16.4 Severability. If
any one or more of the provisions of this Agreement and/or SOW are for any
reason held to be invalid, illegal or unenforceable by a court of competent
jurisdiction, the remaining provisions of this Agreement will be unimpaired and
will remain in full force and effect.
16.5 Survival. Any
provision of this Agreement and/or SOW which, by its nature, would survive
termination of this Agreement and/or SOW will survive any such termination of
this Agreement and/or SOW.
16.6 Headings.
The headings and titles of the Sections of this Agreement are not part of this
Agreement, but are for convenience only and are not intended to define, limit
or construe the contents of the provisions contained herein.
16.7 Amendment. Client
agrees that CareTree may make modifications of or amendments to this Agreement
and/or SOW. These shall be effective unless such modification or amendment
is not allowed as a part of the SOW and in writing and signed by both parties
hereto. Any prior agreements or representations, either written or oral,
relating to the subject matter of this Agreement are of no force or
effect.
16.8 Counterparts. This
Agreement and any amendments thereto may be executed in counterparts and will
not be effective or enforceable unless and until it is executed by an
authorized representative of each of the relevant entities.
16.9 Entire
Agreement. This Agreement, together with the applicable SOW,
constitutes the entire agreement and understanding between the parties with
respect to the subject matter hereof, and supersedes all prior agreements and
understandings between the parties.
16.10 Execution
and Electronic Signature.
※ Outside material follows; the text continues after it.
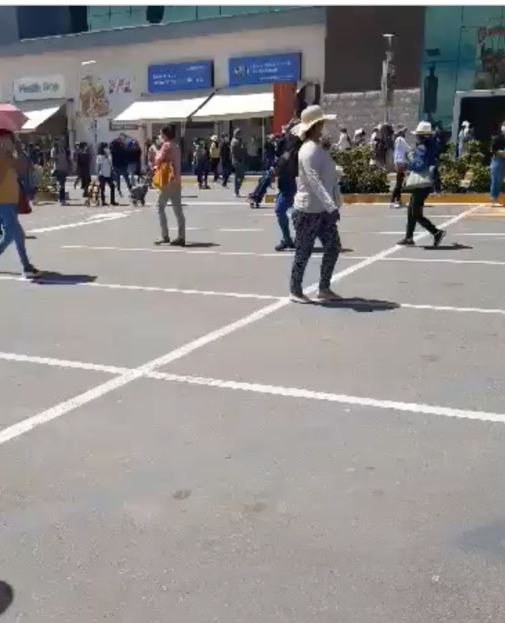 Peru is controlling the movement of men and women by allowing women to go out certain days, and women to go out other day to shop. This video shows women lined up and spaced apart to enter the Tottus supermarket in Arequipa, Peru.

This Agreement, to the extent signed and
delivered by means of a facsimile machine or electronic mail, shall be treated
in all manner and respects as an original agreement or instrument and shall be
considered to have the same binding legal effect as if it were the original
signed version thereof delivered in person. The parties agree that an
electronic signature is the legal equivalent of its manual signature on this
Agreement. The parties agree that no certification authority or other third
party verification is necessary to validate its electronic signature and that
the lack of such certification of third party verification will not in any way
affect the enforceability of the parties electronic signature or any resulting
agreement between CareTree and Client.
Unless otherwise noted,
signature of the SOW shall also serve as signature or agreement to this
Agreement. If the SOW does not exist, then use of CareTree services by the
Client shall be deemed signature or agreement to this Agreement.